BEGIN PROVIDED DATA

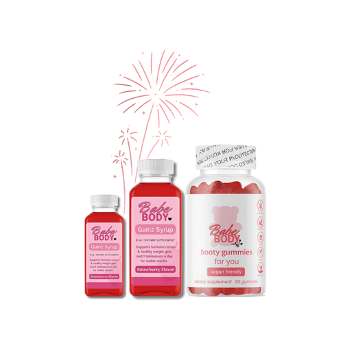 ✔ The butt/hips/thighs (Weight Gain) Syrup is available in three flavors: Chocolate, Peanut, and, Strawberry
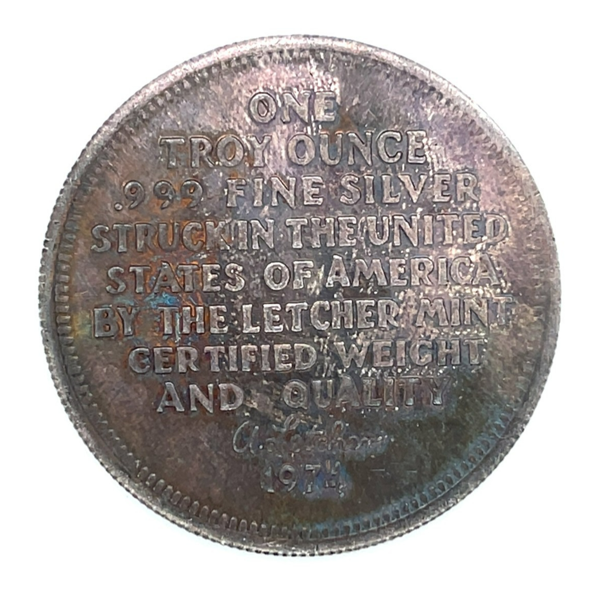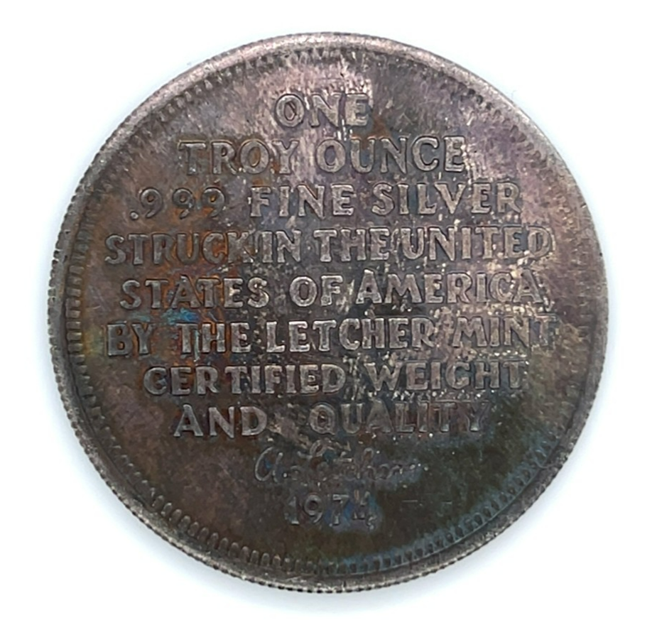 Raro 1974 Letcher Mint Standing Eagle One Troy Oz .999 tondo in argento pregiato
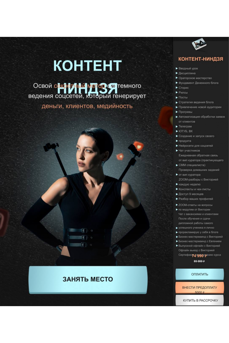 Всё, к чему прикасается контент ниндзя, превращается в высокие охваты, заявки и клиентов из блога. Ведёт бой с низкими охватами и отсутствием клиентов, обладает всеми навыками продаж через страницы в соцсетях и не зависит от быстро меняющихся обстоятельств.
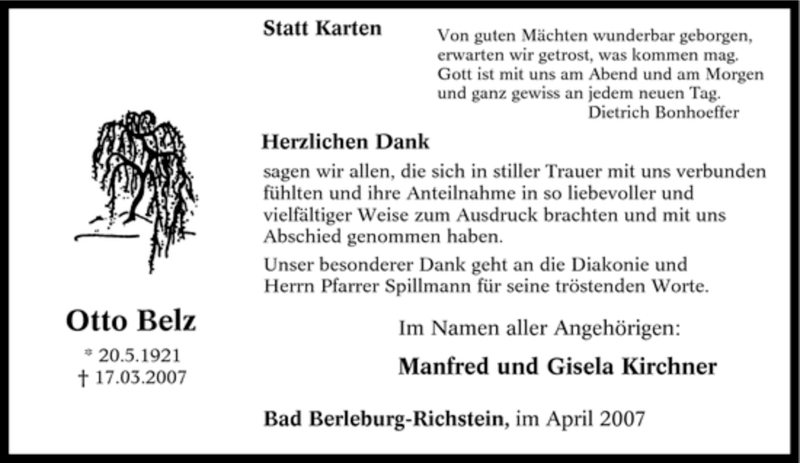 Hier finden Sie alle Traueranzeigen aus der Zeitung, die bisher für Otto Belz erschienen sind. Weitere Traueranzeigen, die in der Zeitung erscheinen, werden hier ebenfalls aufgelistet
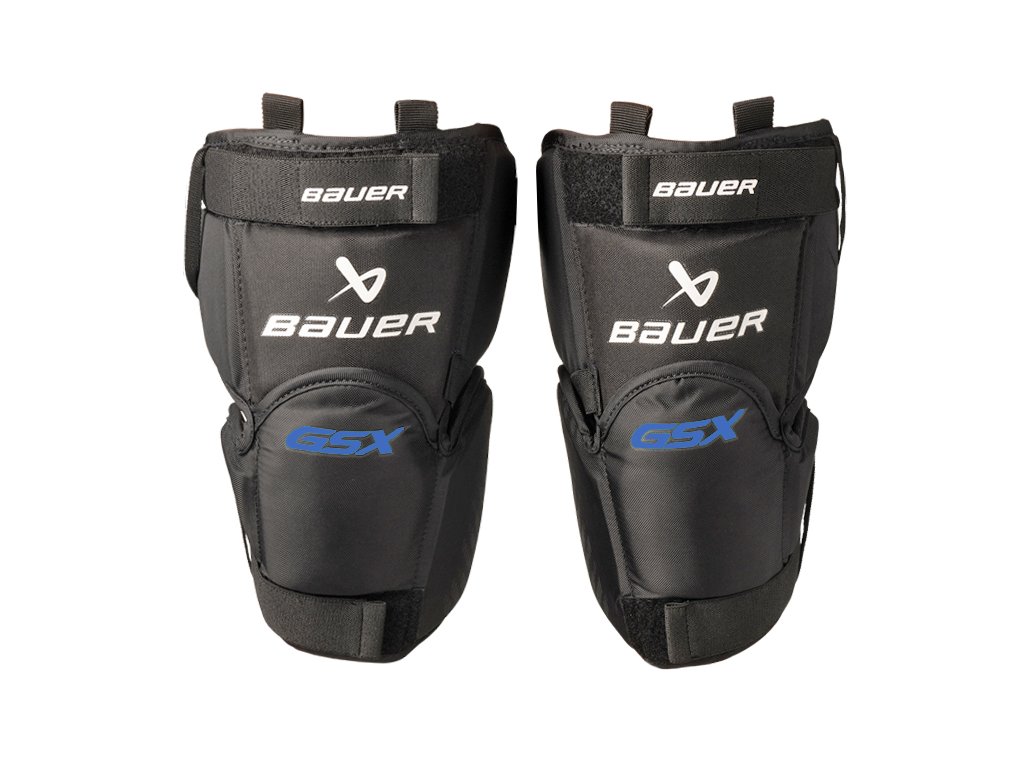 Brankářské chrániče kolen Bauer GSX s velmi dobrou úrovní ochrany díky použití lehké ochranné pěny s vysokou hustotou. Chrániče umožňují velmi dobrou pohyblivost díky dvojdílné konstrukci, která neomezuje brankáře v pohybu, díky zapínání se dvěma elastickými pásky bezpečně a jistě přiléhají k noze. Vnitřní podšívka Bauer Thermo Max+ rychle odvádí pot a vlhkost od těla a zároveň bojuje proti bakteriím způsobujícím zápach.
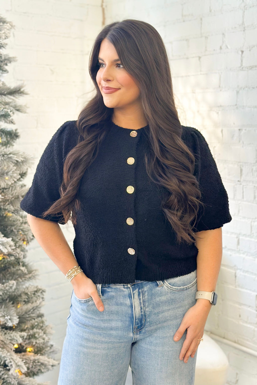 Black Short Sleeve Button Down Sweater Top
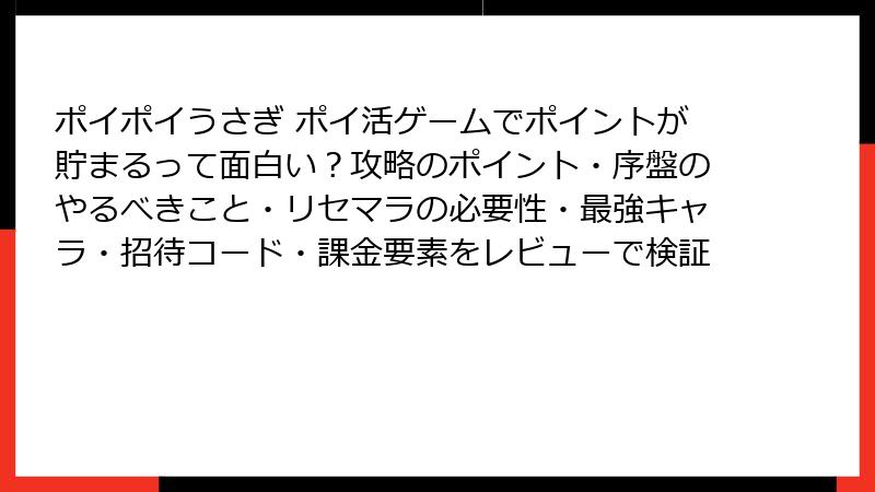 ポイポイうさぎの熱いプレイヤー諸君! 前回の基本攻略でタップの快感を味わったあなたなら、きっと「もっと効率を上げたい!」と思っているはず。今回は、リセマラ要素の有無から最強うさぎの選定基準まで、徹底的に掘り下げます。放置系ポイ活ゲームの性質上、ガチャやランダム要素は薄めですが、レベルアップで解放される「新うさぎ」に微妙な性能差あり! これを活かした「擬似リセマラ」手法で、スタートダッシュを決めましょう。データとプレイヤーレビューを基に、ブログ形式で読みやすくまとめました。
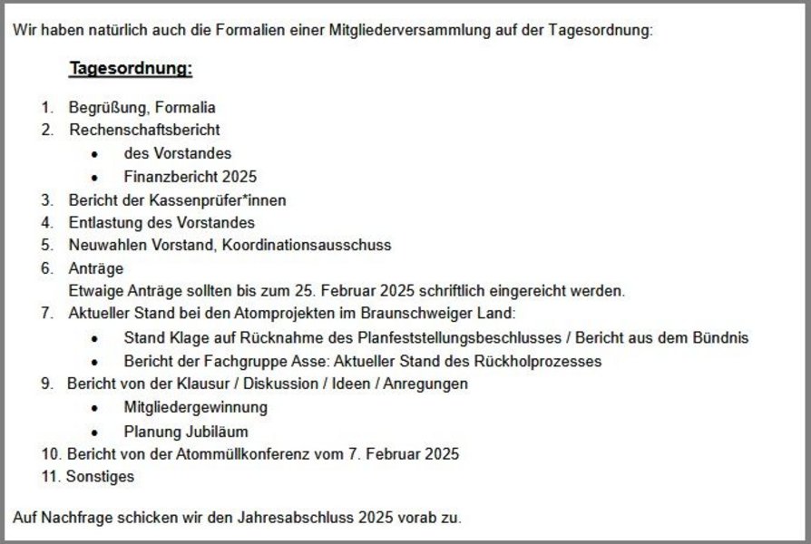 (18-2-2026/Sg) Die jährliche Mitgliederversammlung der AG Schacht KONRAD e.V. steht vor der Tür. Der Termin für die Versammlung ist der 4. März um 19.00 Uhr im DGH Bleckenstedt und wir freuen uns darauf gemeinsam auf das vergangene Jahr zurückzublicken. Im letzten Jahr haben wir eine Menge Aktionen durchgeführt und über unsere Arbeit informiert. Nun ist es an der Zeit, „Rechenschaft“ abzulegen. Hierzu werden wir folgende Themen besprechen:

END PROVIDED DATA

WHAT THE EXERCISE ASKS - Above are the records. Copy only the lines from the one with "Всё, к чему" through the one with "Black Short Sleeve Button Down Sweater Top", exactly, with no pictures.

REPLY TO THE TASK -
 Всё, к чему прикасается контент ниндзя, превращается в высокие охваты, заявки и клиентов из блога. Ведёт бой с низкими охватами и отсутствием клиентов, обладает всеми навыками продаж через страницы в соцсетях и не зависит от быстро меняющихся обстоятельств.
 Hier finden Sie alle Traueranzeigen aus der Zeitung, die bisher für Otto Belz erschienen sind. Weitere Traueranzeigen, die in der Zeitung erscheinen, werden hier ebenfalls aufgelistet
 Brankářské chrániče kolen Bauer GSX s velmi dobrou úrovní ochrany díky použití lehké ochranné pěny s vysokou hustotou. Chrániče umožňují velmi dobrou pohyblivost díky dvojdílné konstrukci, která neomezuje brankáře v pohybu, díky zapínání se dvěma elastickými pásky bezpečně a jistě přiléhají k noze. Vnitřní podšívka Bauer Thermo Max+ rychle odvádí pot a vlhkost od těla a zároveň bojuje proti bakteriím způsobujícím zápach.
 Black Short Sleeve Button Down Sweater Top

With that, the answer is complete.